DATA EXTRACT ->
-- -- --
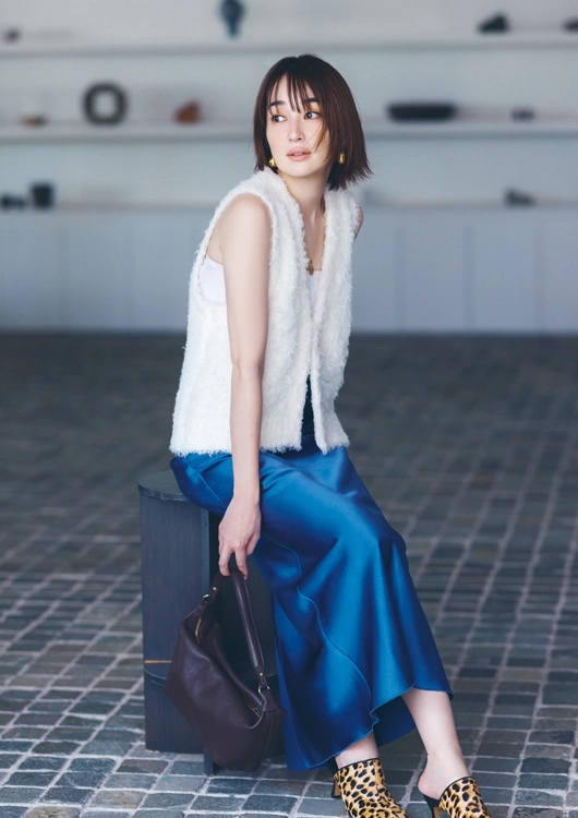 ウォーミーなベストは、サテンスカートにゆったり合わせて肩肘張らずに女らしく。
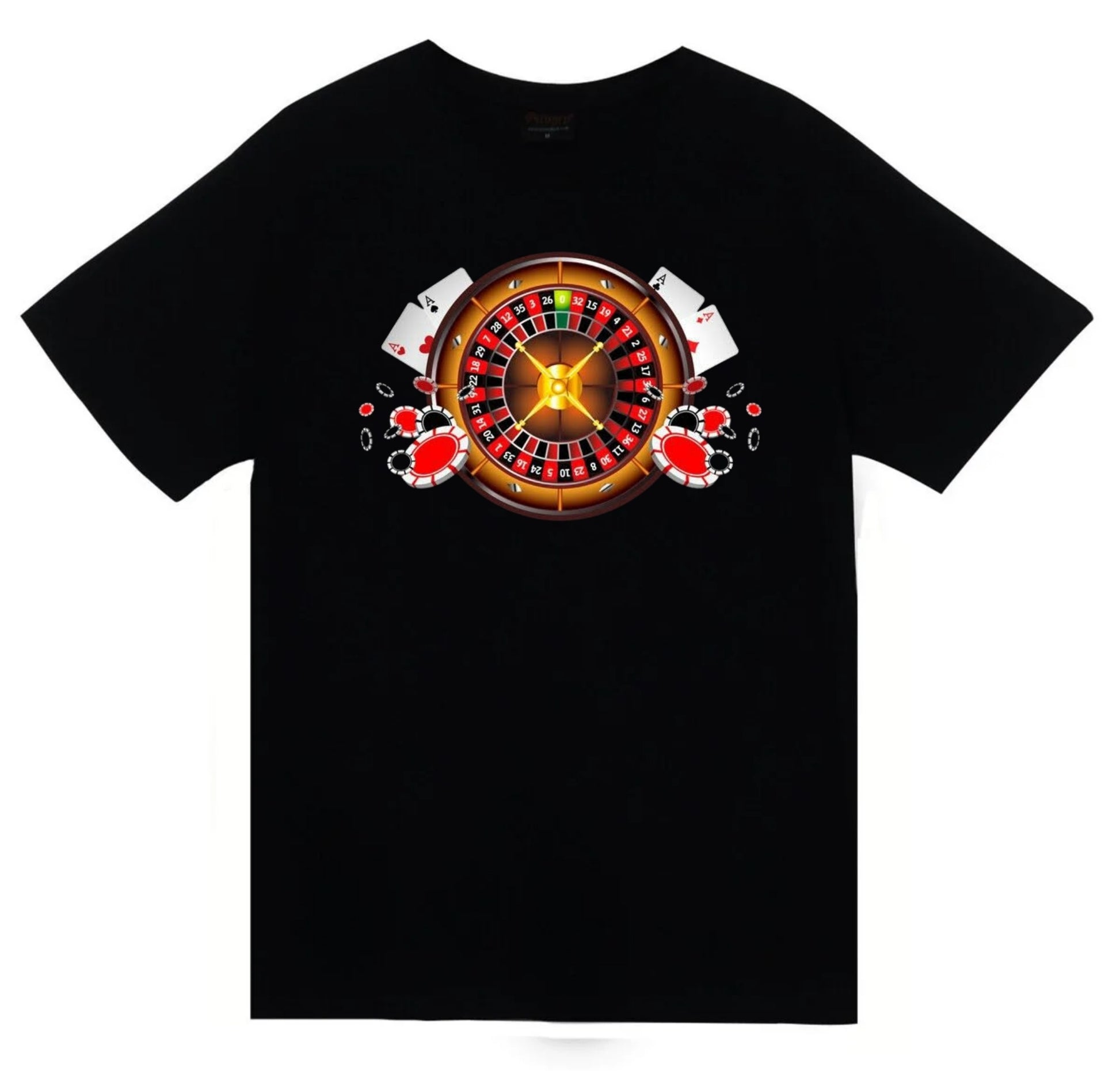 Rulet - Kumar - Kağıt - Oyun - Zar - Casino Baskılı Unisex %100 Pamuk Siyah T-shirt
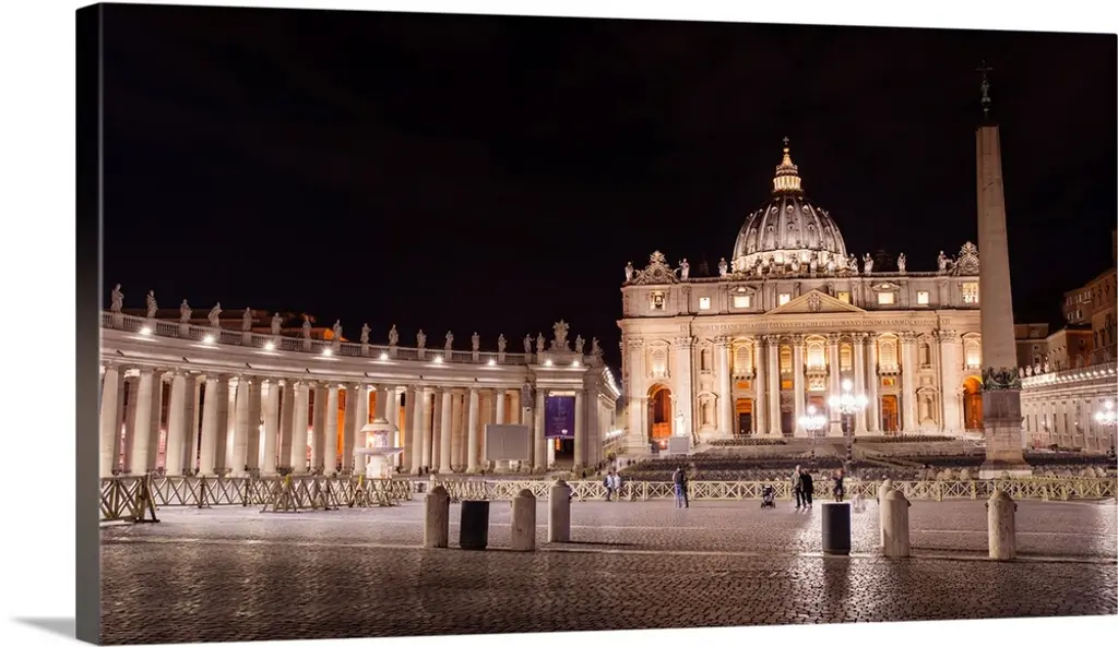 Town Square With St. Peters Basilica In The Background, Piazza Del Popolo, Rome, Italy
-- -- --
All the lines above should be reproduced exactly, and none of the pictures.

TASK RESULT ->
 ウォーミーなベストは、サテンスカートにゆったり合わせて肩肘張らずに女らしく。
 Rulet - Kumar - Kağıt - Oyun - Zar - Casino Baskılı Unisex %100 Pamuk Siyah T-shirt
 Town Square With St. Peters Basilica In The Background, Piazza Del Popolo, Rome, Italy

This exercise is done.